• **WHAT YOU ARE ASKED TO DO**:
Exactly the lines below starting at the line with "27 czerwca o" and ending at the line with "Значителните различия между" are wanted, with both ends included. Leave out the pictures and add no other lines.

• **MATERIAL PROVIDED**:
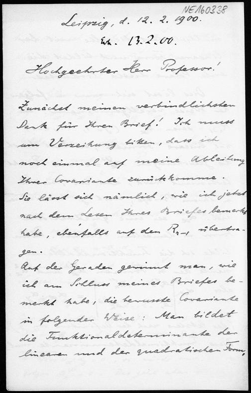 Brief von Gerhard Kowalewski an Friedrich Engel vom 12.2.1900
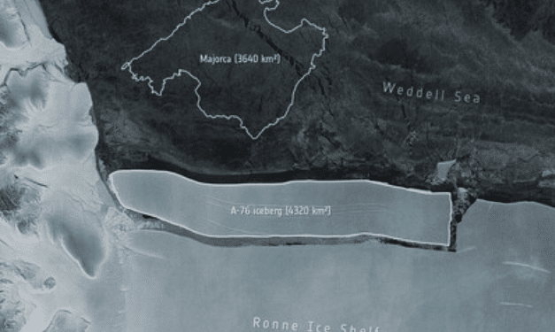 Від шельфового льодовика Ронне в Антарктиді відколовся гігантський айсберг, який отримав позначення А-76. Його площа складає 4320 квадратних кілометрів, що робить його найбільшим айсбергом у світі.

* * *

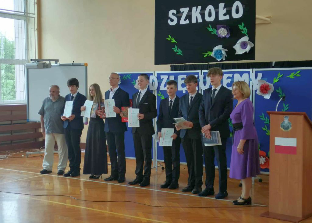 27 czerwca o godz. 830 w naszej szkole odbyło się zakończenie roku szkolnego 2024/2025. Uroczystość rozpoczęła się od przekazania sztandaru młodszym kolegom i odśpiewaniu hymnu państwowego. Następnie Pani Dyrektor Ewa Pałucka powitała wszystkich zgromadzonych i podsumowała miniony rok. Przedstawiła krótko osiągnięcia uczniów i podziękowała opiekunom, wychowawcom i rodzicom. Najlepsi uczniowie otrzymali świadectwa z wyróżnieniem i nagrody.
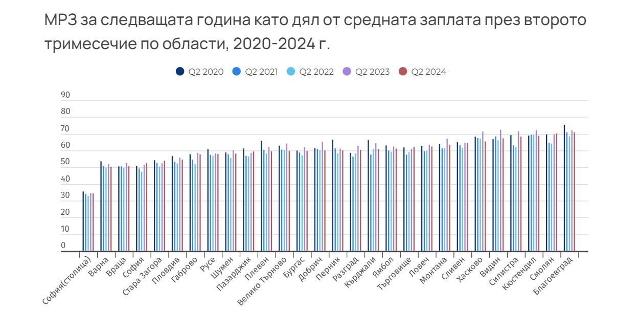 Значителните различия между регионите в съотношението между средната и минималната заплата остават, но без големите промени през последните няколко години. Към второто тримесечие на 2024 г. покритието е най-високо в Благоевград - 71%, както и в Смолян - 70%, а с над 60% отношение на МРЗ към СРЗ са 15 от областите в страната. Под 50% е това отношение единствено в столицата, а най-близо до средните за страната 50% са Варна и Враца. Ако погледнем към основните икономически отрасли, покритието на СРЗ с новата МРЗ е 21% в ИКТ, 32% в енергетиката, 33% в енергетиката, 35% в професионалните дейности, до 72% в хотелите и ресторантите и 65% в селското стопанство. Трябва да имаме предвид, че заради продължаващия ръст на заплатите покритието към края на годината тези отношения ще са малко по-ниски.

* * *

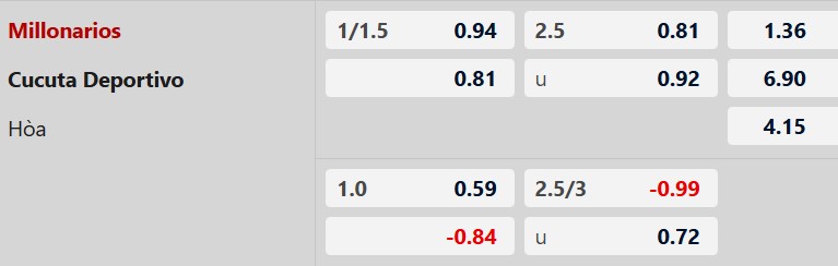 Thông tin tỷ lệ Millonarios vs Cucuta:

• **SOLUTION TO THIS PROBLEM**:
 27 czerwca o godz. 830 w naszej szkole odbyło się zakończenie roku szkolnego 2024/2025. Uroczystość rozpoczęła się od przekazania sztandaru młodszym kolegom i odśpiewaniu hymnu państwowego. Następnie Pani Dyrektor Ewa Pałucka powitała wszystkich zgromadzonych i podsumowała miniony rok. Przedstawiła krótko osiągnięcia uczniów i podziękowała opiekunom, wychowawcom i rodzicom. Najlepsi uczniowie otrzymali świadectwa z wyróżnieniem i nagrody.
 Значителните различия между регионите в съотношението между средната и минималната заплата остават, но без големите промени през последните няколко години. Към второто тримесечие на 2024 г. покритието е най-високо в Благоевград - 71%, както и в Смолян - 70%, а с над 60% отношение на МРЗ към СРЗ са 15 от областите в страната. Под 50% е това отношение единствено в столицата, а най-близо до средните за страната 50% са Варна и Враца. Ако погледнем към основните икономически отрасли, покритието на СРЗ с новата МРЗ е 21% в ИКТ, 32% в енергетиката, 33% в енергетиката, 35% в професионалните дейности, до 72% в хотелите и ресторантите и 65% в селското стопанство. Трябва да имаме предвид, че заради продължаващия ръст на заплатите покритието към края на годината тези отношения ще са малко по-ниски.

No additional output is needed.